Seems like simple stuff, but I have seen so many times where guys price their services/products just based off the perceived market value. This can be disasterous; you may be working at a higher cost than someone else and you are not turning a profit where they are. But by the time you figure this out, it is too late. You also do not know how the competition came up with those numbers. They may be making additional monies off another product or service you are unaware of.

About your initial question, guess you can't argue with a guy who wants to pay you more. But if you are making money, and you want more work, I would politely decline and tell the customer "Sir/Madaam, I am doing fine with numbers and they are acceptable to me. If you feel that I am too cheap, please tell your friends that I am the cheap guy who does quality work." :msp_smile:


----------



## HappyTreesLLC

I never price a job base by color, sex, income, location etc.
My price is always fare to every one.
Hire accountant to calculate how much your work hour is actually cost. Include all factors like retirement, bonuses, losses, marketing, sales, maintenance, depreciation .... accountant knows.
And then charge it.
If you set up to run of crappy pickup truck and pricing base on it, don't cry about not having money for shiny International.
If you not respect your work - ho will?
If you pricing based on Craigslist competition - you are not businessman, go work for large tree company. You will do better. They (tree company) will respect you and take care of your salary, benefits etc.

Here is test for you:
1. How much cost you a lead, how much customer?
2. What is dynamic and static operational cost?
3. What is your cost of removal material from site per ton?
If you are more then 2 years in this business and have difficulty to answer - get out or grow up.
With best intentions and no disrespect.
If you need help call me 603.508.1060
Victor


----------



## HappyTreesLLC

D&B Mack said:


> ...
> If you are not making a profit, you either need to raise your prices or lower your costs.
> ...


 This is GOLD!!!


----------



## lknchoppers

I would put it to him, just to make him happy but I wouldn't make him squeal to bad. Then take you time and do a little extra. Beating people on craigslist makes everyone work too cheap anyway. Check on him a week later to make sure he is satisfied and be sure he will refer you to his buddies.


----------



## Marshy

homemade said:


> Iv never been a huge fan of asking for more money, Do your best and you'll get it your just rewards in the end. I would say "*This is my rate, if you feel I deserve more, then I'm willing to accept what you feel confortable on giving me."* I wouldn't exactly turn it down for two reasons. It may be insulting, like refusing a gift. And we could always use more money.....bigger saws, better equipment...


 
Exactly. Reminds me of story my sister in law told me about waiting tables. Lady pays cash for her bill and when my SIL brings her the change ($0.30!) she has enough ballz to say "oh honey, you could of kept that" as she dumps it into her purse. Apparently they lady thought she deserved the change as a tip and mid sentence is dumping it into her bag!

Kind of the same thing here.

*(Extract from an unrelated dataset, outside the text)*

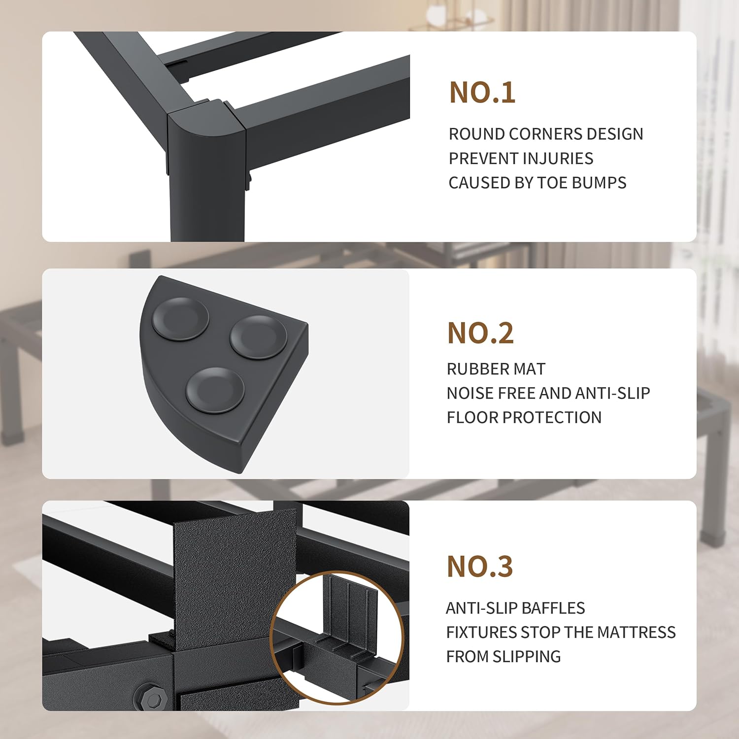 - Special Feature : Rounded Corners, Mattress Slide Stopper, Anti-slip Rubber Gaskets, Heavy Duty Metal, Steel Slat Support, No Box Spring Needed, Easy Assembly Rounded Corners, Mattress Slide Stopper, Anti-slip Rubber Gaskets, Heavy Duty Metal, Steel Slat Support, No Box Spring Needed, Easy Assembly

He says you should charge more but hasnt slipped you an extra $20, $40 or $50 when you give him the bill. If he felt you deserved more he would have given more IMO. If you are paying for a service and feel someone is going beyond the duty and providing outstanding service then it's as simple as giving a tip. Anyone can be tipped. The guy pumping gas, drying your car at the car wash, your landscaper, the plow guy, or your arborist.


----------



## blades

Well there is always the the utility method and the waste/ trash collector methods of improving bottom line. It is called surcharges and fees like: environmental, fuel, mileage, consumable/ shop material fees. So you quote then add the surcharges at the bottom. Some due this on a fixed charge others on a percentage basis. 
Say you due a job and you dull out 5 chains- what is the cost for sharpening in your area - you charge that as a material/shop fee beyond the base quote. 
This has become more of the norm than the exception now days.


----------



## ChoppyChoppy

I raised my prices a bit this year from last and doubled my delivery charge.

I wasn't too sure if it would make break me. Honestly I have more business this year than last. A ton of repeats who have said I was "too cheap" last year and don't mind paying extra.


----------